Acute water crisis is not a new threat to human existence on Earth. Excessive extraction of fresh water for activities like agriculture, mining, and manufacturing among others are responsible for the rapidly deteriorating supply of fresh water on Earth.

The experts have warned that if governments dont take action immediately, fresh water supply will outstrip the supply of fresh water by a whopping 40%, by 2030, seven years from now. 

A report on economics of water have alerted that countries need to start to manage water as a global common good, because most countries are highly dependent on their neighbours for water supplies, and overuse, pollution and the climate crisis threaten water supplies globally. 

“The scientific evidence is that we have a water crisis. We are misusing water, polluting water, and changing the whole global hydrological cycle, through what we are doing to the climate. It’s a triple crisis," Johan Rockstrom, the director of the Potsdam Institute for Climate Impact Research and co-chair of the Global Commission on the Economics of Water, and a lead author of the report, told the Guardian. 

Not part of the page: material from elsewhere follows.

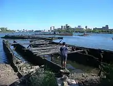 In 2020, the city planned to build a NYC Ferry dock along the creek off Kaiser Park.[26] The ferry dock would be the terminal of a new route to Pier 11/Wall Street; the route, announced in 2019, was to have begun operations in 2021.[27][28] Local activists rallied against the dock plan, arguing it would disrupt the ecosystems of the creek.[29] There were also concerns that the addition of ferry service would worsen pollution in the creek.[30][31] The implementation of the Coney Island ferry route was delayed and, in mid-2022, the EDC announced that the ferry route had been postponed indefinitely. One problem was that the sand in the Coney Island Creek shifted frequently, hampering efforts to construct a ferry pier there.[32][33] Another issue was that the creek itself was heavily polluted, and a Superfund cleanup project was being planned for the creek.[32][34] Independent news site Hell Gate subsequently reported that test boats had repeatedly run aground in Coney Island Creek and that sand had returned to the creek after it was partially dredged in 2021.[35][36]

Water is fundamental to the climate crisis and the global food crisis. “There will be no agricultural revolution unless we fix water," said Rockstrom. “Behind all these challenges we are facing, there’s always water, and we never talk about water."

Most countries depend for about half of their water supply on the evaporation of water from neighbouring countries – known as “green" water because it is held in soils and delivered from transpiration in forests and other ecosystems, when plants take up water from the soil and release vapour into the air from their leaves, the Guardian report quotes.

The UN water summit, led by the governments of the Netherlands and Tajikistan, will take place in New York on 22 March.

It will mark the first time in more than four decades the UN has met to discuss water, with previous attempts stymied by governments reluctant to countenance any form of international governance of the resource.